Serum and extracellular calcium modulate induction of cytochrome P-450IA1 in human keratinocytes.

Culture conditions allowing for cytochrome P-450IA1 induction by 2,3,7,8-tetrachlorodibenzofuran (TCDF) in normal human keratinocytes (HK) were investigated. HK grown in serum-free low extracellular Ca2+ (0.1 mM) medium did not accumulate P-450IA1 mRNA in response to TCDF. If, however, the cultures were pretreated for more than 24 h with either serum or elevated extracellular Ca2+ (2.0 mM), induction of P-450IA1 was obtained by TCDF. Serum and elevated Ca2+ concentrations were found to be additive in this respect. When analyzing HK derived from five individuals, no apparent difference was found in the relative induction of P-450IA1 by increasing concentrations of TCDF, giving an EC50 of approximately 2 nM. The permissive effect of serum and elevated Ca2+ could be conferred to a reporter gene by the -1140 to +2435 part of the human CYPIA1 gene.
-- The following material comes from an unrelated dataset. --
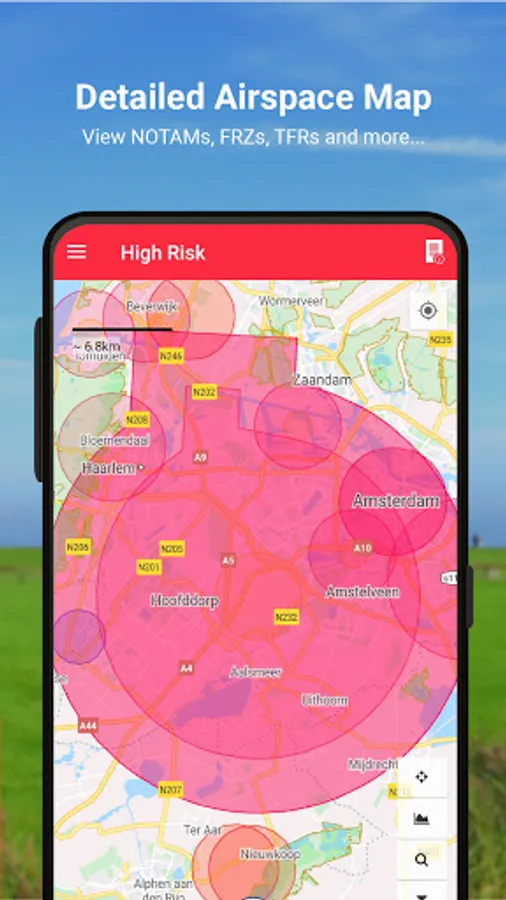 Please note that GoDrone app only provides airspace information for the Netherlands.

Culture conditions allowing for P-450IA1 induction correlated with conditions that induced mRNA corresponding to the differentiation specific enzyme epidermal transglutaminase. This finding, together with the known differentiation promoting effects of serum and elevated Ca2+, suggest that terminal differentiation is necessary for P-450IA1 induction in HK by Ah receptor ligands.